The Rapping Holocaust Survivor. Yes, The Rapping Holocaust Survivor.

bejarano

Brace yourself. The endlessly, endlessly, endlessly, endlessly, endlessly fascinating phenomenon of people who you wouldn’t expect to rap actually rapping is back for another go. This one’s somehow even better and worse than previous iterations. Sigh. Here’s Der Spiegel:

The sound is a familiar one: driving beats, austere rhymes, forceful vocals supported by female backup singers. Standard hip hop, it would seem. And yet, something doesn’t seem quite right. The lyrics-some are Yiddish, others Hebrew, still others Italian. And then there’s that voice. It’s certainly too old to be coming from a hip hop artist, isn’t it?

Uh huh. 85-year-old Esther Bejarano, one of the last surviving members of the Women’s Orchestra of Auschwitz, has teamed up with the German rap group Microphone Mafia and made a hip-hop album, Per La Vita.The aim is to raise youth awareness of the dangers of fascism. I don’t know. It’s hard to knock folks when their hearts are in the right place.
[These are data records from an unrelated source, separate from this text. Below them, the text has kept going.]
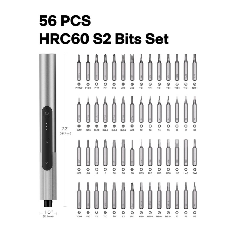 - Long-Lasting Power & Engineering-Grade Strength: The mini screwdriver is equipped with an 800mAh battery that delivers 60 minutes of continuous runtime on a full charge (supports USB-C fast charging). Engineered with aerospace-grade aluminum housing and 56 HRC60 hardened steel bits (S2 alloy), it offers unmatched durability for heavy use. The CNC-machined tips ensure a secure grip on Phillips, Torx, and slotted screws, preventing slippage even in precision tasks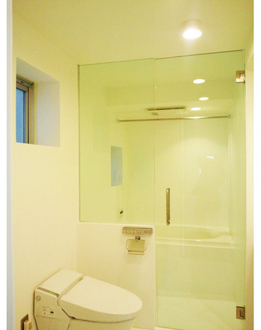 ガラス吊引戸の浴室入口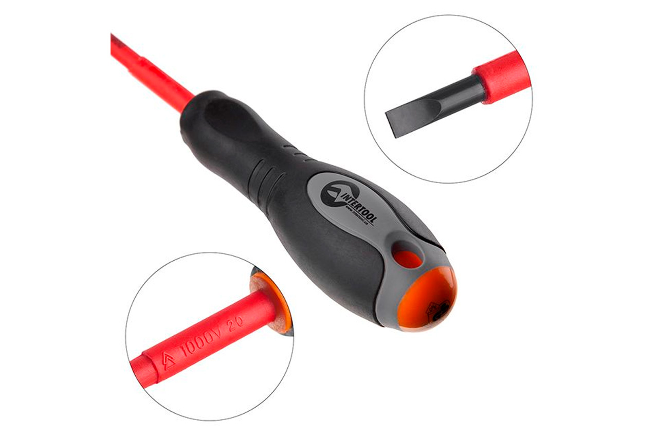Отвертка шлицевая (плоская) предназначена для монтажа и демонтажа деталей и элементов конструкций, находящихся под напряжением до 1000 В. Имеет оснащенный изоляционным покрытием стержень и противоскользящую рукоятку.

Harder still when one of them lost her parents and sister in the Holocaust, and only escaped herself during a death march to Ravensbrück in 1945. And at the very least, you’d hope the project might find its way to one of the worst-named groups ever to release an album in any genre, Baton Rouge rappers the Concentration Camp.

da halocaust

The group’s ill-considered name (y’know, they’re concentrating really hard on their lyrics) has always seemed especially sad because one of its members, Young Bleed (top-right on the cover), is really, really good. His 1998 solo album My Balls & My Word is one of the great underappreciated works of southern rap-the best thing, by a ways, ever to come out on Master P’s No Limit Records. Listen to the single, “Keep It Real.” (I know, I know. But we’ve already established name-choosing as a weakness, right?)

As for her rapping partners, Bejarano likes them, and plans to record another album with them soon. But there have been some creative differences. “They are very nice people,” she says. “But they are a bit chaotic. They jump around on the stage a lot. I told them maybe they should tone it down a bit.”